Coffee was in her blood. As much as she tried to stay away, owner Sandra Wolter was drawn to all things coffee: the aromas, the flavors, the culture, the history. From that love, she finally opened her subterranean paean to coffee.

Sweet Science Coffee (1847 Columbia Rd NW) began operating just two months ago, but is very much an Old World establishment. Wolter brings generations of experience, born into a fifth-generation coffeeshop and patisserie family business in Berlin.

She grew up in her family’s store, roasting, grinding, pouring, and serving. But as any rebellious teen, Wolter left the family business, to pursue television journalism. And just like many others, the call of family was too strong, and she returned to coffee. She ran a tiny shop on 18th Street under the same name for most of 2015, before finally opening the permanent location where it exists today.

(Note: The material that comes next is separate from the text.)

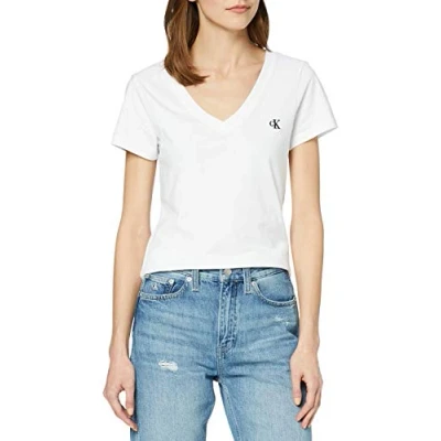 Calvin Klein Jeans Embroidery V NECK Basic Tshirt, Women's, Size: XXL, Bright white

Sweet Science sits in an unassuming spot just below the Afghan restaurant Lapis. The Lapis owners approached her last year about working on the coffee program for another restaurant they own, Malmaison. Out of that came the idea to collaborate in a specialty coffee venture, combining what Sweet Science does with the Lapis vision for the space. It was a perfect pairing. Lapis, as a family-run restaurant, wanted to work with someone who had a long history of family in the coffee business.

Omar Popal, a Lapis owner, waxed poetic about the Sweet Science space. “It is a cultural salon,” he said, “bringing together people through the art of coffee, books, ideas and music.”

While Wolter provides the excellent beverages, Lapis brought the design inspiration, from the azure walls to the Oriental rugs adorning the floor. Handcrafted, alluringly mismatched furniture and long bookshelves round out the space, but the biggest eye-popper may be the America-shaped mural using words from dozens of languages.

Given that background, this is no in-and-out coffeeshop. Wolter urges customers to listen to their coffee needs, lingering over steaming mugs.

“The first question we get so many times is, ‘do you have wi-fi?’” she says with a smile (they do).

But this shop isn’t about plugging away at the laptop. Sweet Science boasts seven brewing methods and nine rotating specialty coffees. Each week, Wolter prepares her batches, combining the right methods and tools with the right coffees, such that each method brings out the most salient qualities of each set of beans. To drive this point home, she also teaches classes on the usage of these methodologies, so that customer-students can craft their favorite brews at home.

On a recent visit, Wolter guided me through her coffee process at her famous Brew Bar section of the shop, where she shows off her expertise. It’s not simply a hand-pulled espresso (though this certainly happens too, and with skill by the talented baristas).

Five small containers of beans sit out in front of the manual brewing station. Each has its unique aroma, and each requires a different mechanism for brewing. On this trip, Wolter walked me through three Colombian varietals, each small-batch and single-farm.

“It’s a full-bodied experience,” she says.

This concept of coffee interactivity is at the heart of the shop. The focus is to bring out the best in the bean, as the last stop in the long coffee production process. But it’s also to educate and travel with each person who walks down the stairs into her space.

Sometimes, she prefers pour-overs, like the German-import Karlsbad device, originally manufactured more than a century ago. It’s a manual three-piece coffee brewer handcrafted entirely of porcelain that runs upwards of $100 and does not use paper filters, allowing an enormous amount of original flavors, and even oils, to come through.

The showiest piece is the Syphon, a stunning, museum-worthy machine which uses heat compression to drive hot water into a chamber containing the grounds, but must be watched and timed precisely, lest the coffee sit too long.

Wolter is so certain about her extraction methods that she says “our coffee doesn’t need room for milk, but we always give you room for thought.”

Traditionally, coffeehouses have been revolutionary places. They served as salons in Europe and the Middle East, where people would meet to exchange and explore ideas. Sweet Science follows in those footsteps.

“It’s all about bringing people together and enabling them to take a breath, take a break and mute that phone for a second,” Wolter implores. “It has and will always be about two simple things: human contact and shared time.” And a great pour.

Sweet Science Coffee is located at 1847 Columbia Rd NW. They are open Wednesday through Friday from 7 a.m.-7 p.m.; Saturday from 8 a.m.-7 p.m.; and Sunday from 9 a.m.-7 p.m.